Rencana penuh harapan yang diusungnya itu kini mengingatkan saya pada diri saya sendiri di masa lalu.
-Wah, kali ini aku harus menggambar. Aku sudah mengumpulkan banyak sekali item dari hadiah harian. Kalau aku hanya menggambar dari item-item ini, maka gratis.
Velvet School Life adalah gim gacha bertema gadis cantik. Kamu harus mendapatkan karakter dan item melalui gacha, tetapi secara teori, kamu bisa menikmati menggambar hanya dari hadiah yang diberikan karena kehadiran.
-Terakhir kali, butuh 80 kali percobaan. Kali ini, mari kita lakukan dalam 40 kali! Kumohon, berhasil kali ini!
Tapi cara kerjanya bukan seperti itu.
Keinginan manusia tidaklah rasional. Keinginan mereka lebih mirip dengan keinginan binatang.
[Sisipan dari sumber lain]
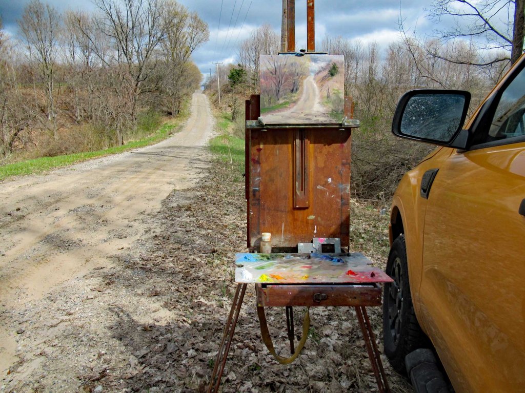 So I took off down a nearby seasonal road and ended up painting this view of the early bits of green. The raindrops held off just long enough for me to whip this one out.

—Oh, benar. Aku sudah menggunakan semua hadiah kehadiran? Oh, begitu, awalnya aku hanya akan menggunakan hadiah gratis. Aku tidak akan mengeluarkan uang lagi.
100 kali undian.
200 kali undian.
300 kali undian…
Lokomotif yang lepas kendali.
Rasa hampa yang kurasakan ketika gaji bulananku habis dalam sekejap sungguh mencengangkan.
-Fiuh, tidak apa-apa, kan? Bahkan jika saya untung sekarang, saya hanya membeli dengan harga pokok. Nilai yang diharapkan awalnya 500.000 won…! Ini bukan kerugian! Bukan!
-Sudah menghabiskan 700.000 won, tapi aku tidak bisa berhenti di sini. Mari kita isi sampai 1.000.000 won lalu undian.
-Aku sudah kalah sebanyak ini, aku tidak bisa menyerah sekarang… Kalaupun aku akan jadi idiot, menang atau kalah, aku lebih memilih jadi idiot yang menang!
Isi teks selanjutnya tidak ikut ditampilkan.